As he gazed at Anne’s image, his mind drifted back to that time. He and Anne had stood side by side at this very fountain after a private royal audience. She had handed over to the king the priceless stolen jewels she had recovered, having been wounded in a struggle with its thief. As a reward, the king had given her a fine cabochon emerald set in gold and hung on a gold chain.
In the fountain’s reflected light, she had asked Saint-Martin to help her put it on. He had slipped behind her and fastened it around her neck. She had turned her head and ravished him with a tender smile. His heart leapt. It was a moment he would never forget.
Later in September, as Anne was leaving Paris for London, they had agreed to be friends. He had wanted a more committed relationship, perhaps marriage, but had cautiously yielded to her yearning for independence. She had said she’d only be gone for a few weeks, visiting grandparents and friends.

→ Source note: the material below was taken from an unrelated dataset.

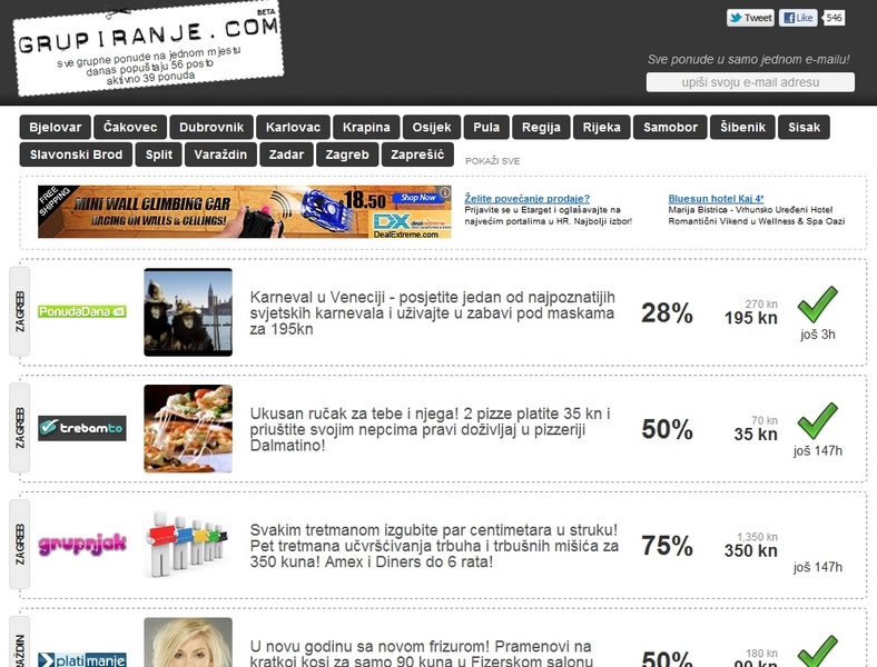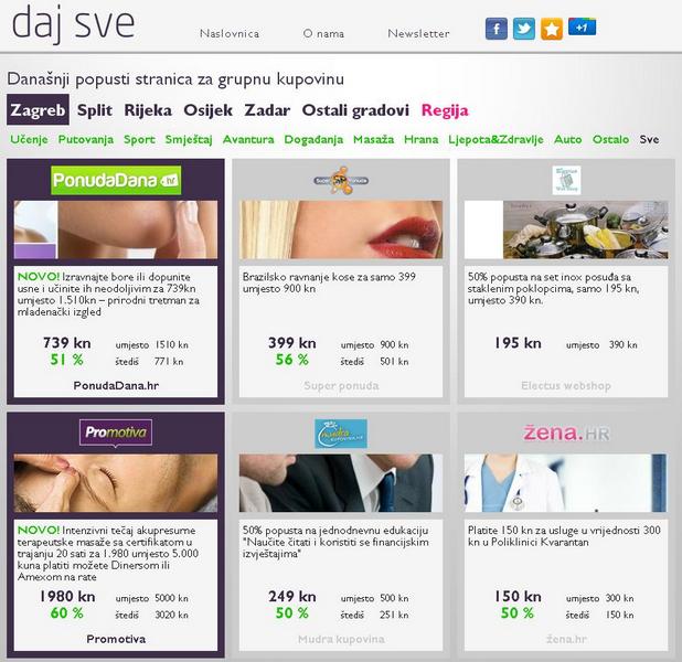 – Trenutno na hrvatskom tržištu ima oko 40 portala za grupnu kupovinu i praćenje svih na jednom mjestu posebno je praktično za one koji žele u svakom trenutku vidjeti sve što se nudi na tržištu grupnih popusta. Agregatori tu imaju veliku ulogu, jer povećavaju vidljivost portalima, a korisnicima štede vrijeme, rekao je Antonio Faletar, suosnivač i vlasnik portala DajSve.com, jednog od prva dva agregatora u Hrvatskoj.

Saint-Martin looked up to the sky, searching for the sun, then sighed. The “few weeks” had stretched out into seven months. Anne had nursed her grandmother through a lingering fatal illness. Her letters had expressed an ardent wish to see him soon. But delay followed delay until he wondered if she were losing interest in returning to Paris, to Abbé de l’Épée’s school, where she had been learning to teach deaf children. Had she been trapped into caring for other aged relatives? She might stay in England forever.
He stared again at Anne’s portrait as if his gaze could somehow bring her back to his side. How he longed for her! He returned the case to his pocket, leaned back on the bench, and thought ahead to his forthcoming visit to England. He would seek her out in the village of Hampstead near London where she was staying with her grandfather. Would her face light up, her arms reach out, when he appeared on her doorstep?
Buoyed by a fragile hope, he imagined the two of them riding in the lovely green English countryside, her blue eyes teasing him, her cheeks flushed with pleasure. The prospect lifted his spirits. But a quiet voice within warned him not to let his hopes rise too high. Or distract him from his task. He rose from the bench and walked purposefully back to the palace.